From the first line to the last, output the data exactly as it stands, minus its pictures.

┌─ Data for processing

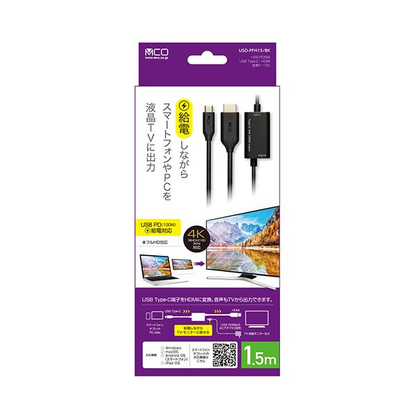 商品仕様: ナカバヤシ ミヨシPD対応Type-C to HDMIケーブル 1.5m USD-PFH15/BK 1本
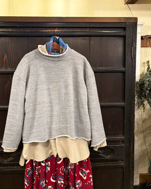 ■ヴィンテージ杢グレー裏毛カットオフワイドスウェット P:18,700
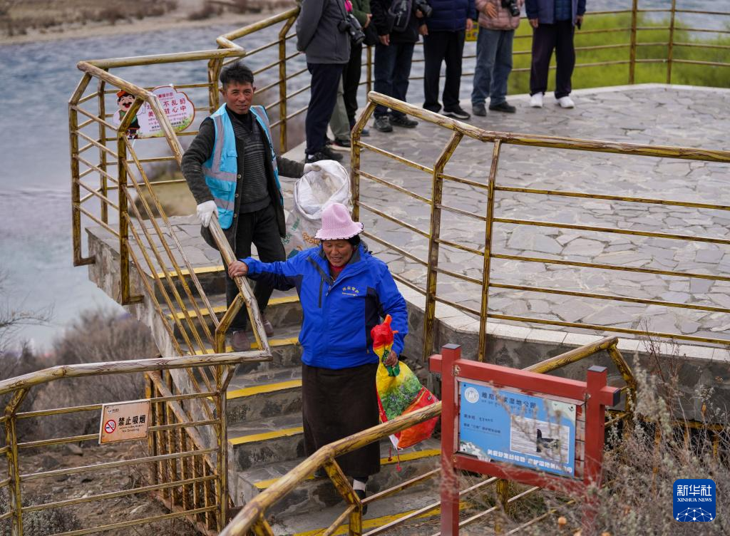 4月4日,雅尼國家濕地公園管護(hù)員在巡護(hù)途中清理垃圾。新華社記者 丁增尼達(dá) 攝
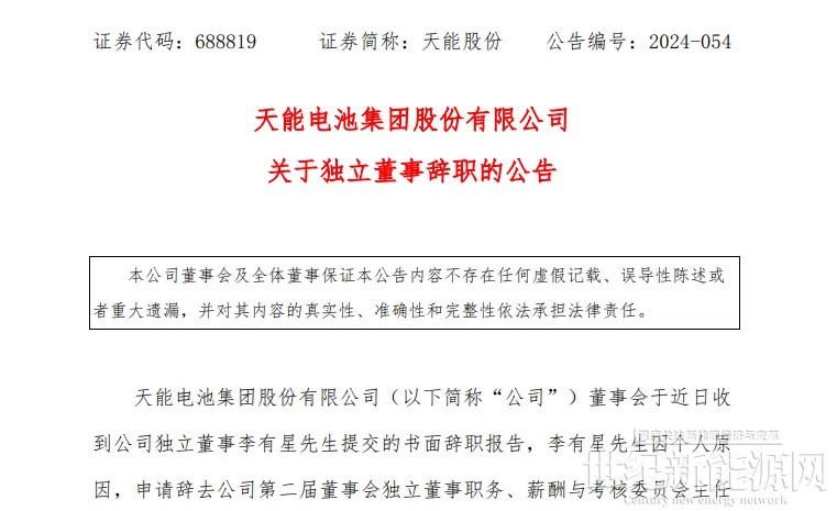 11月18日,天能股份独立董事李有星因个人原因,申请辞去公司第二届董事会独立董事职务、薪酬与考核委员会主任委员及提名委员会委员职务。
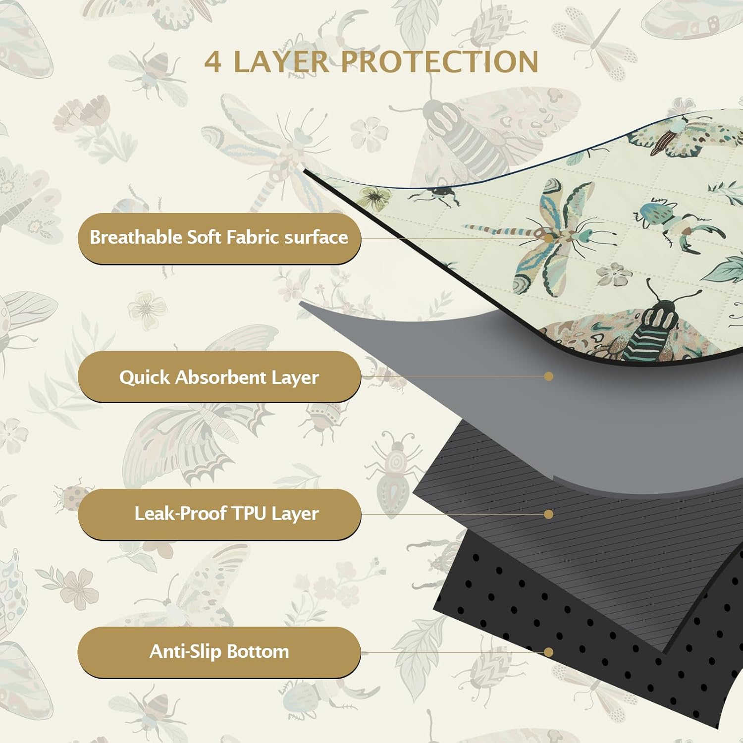 IEUUMLER Washable Pee Pads for Dogs, 1 Pack Insect Pattern Reusable Waterproof Puppy Potty Pads, Non-Slip Absorbent Pet Training Pads for Playpen Crate Bed EU014
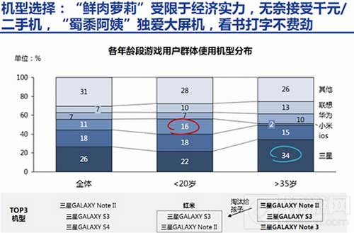 “鲜肉萝莉”受限于经历能力,大多选择千元机和父母使用剩下的二手机。而“蜀黍阿姨”特别青睐于大屏手机,出于视力、舒适度等方面的考虑,大屏手机看小说、视频、打字更方便。
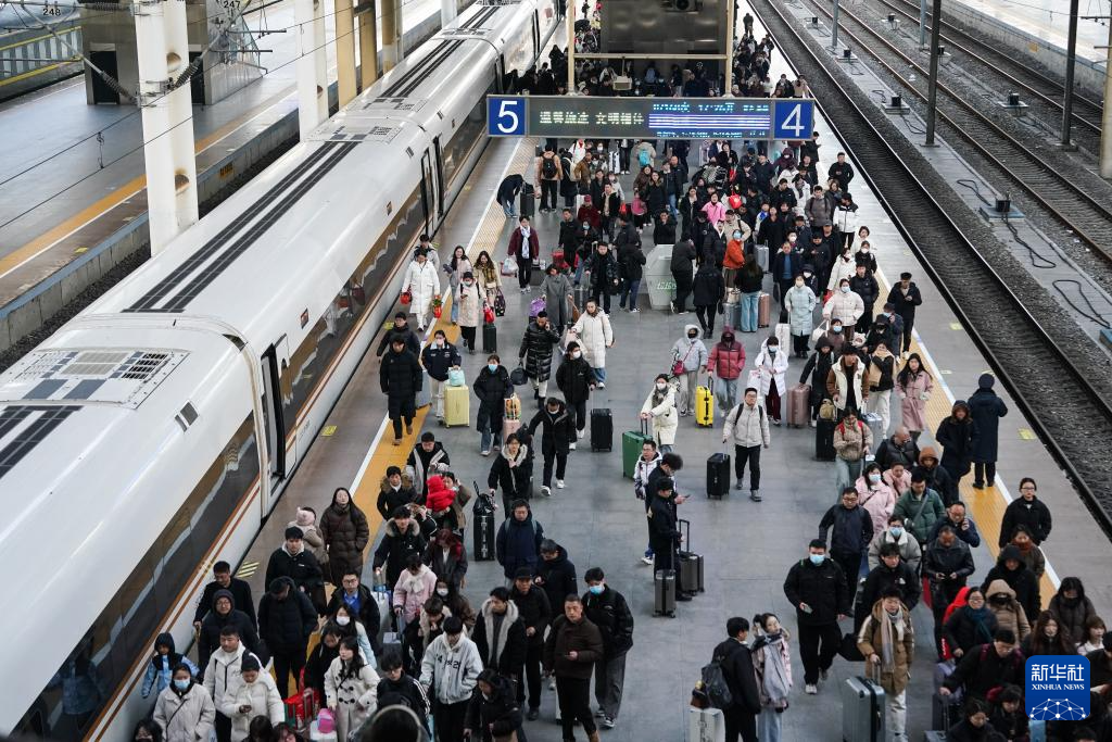 2月7日,旅客在合肥火车站上下列车。

└─

Solution to the exercise
 商品仕様: ナカバヤシ ミヨシPD対応Type-C to HDMIケーブル 1.5m USD-PFH15/BK 1本
 ■ヴィンテージ杢グレー裏毛カットオフワイドスウェット P:18,700
 4月4日,雅尼國家濕地公園管護(hù)員在巡護(hù)途中清理垃圾。新華社記者 丁增尼達(dá) 攝
 11月18日,天能股份独立董事李有星因个人原因,申请辞去公司第二届董事会独立董事职务、薪酬与考核委员会主任委员及提名委员会委员职务。
 IEUUMLER Washable Pee Pads for Dogs, 1 Pack Insect Pattern Reusable Waterproof Puppy Potty Pads, Non-Slip Absorbent Pet Training Pads for Playpen Crate Bed EU014
 “鲜肉萝莉”受限于经历能力,大多选择千元机和父母使用剩下的二手机。而“蜀黍阿姨”特别青睐于大屏手机,出于视力、舒适度等方面的考虑,大屏手机看小说、视频、打字更方便。
 2月7日,旅客在合肥火车站上下列车。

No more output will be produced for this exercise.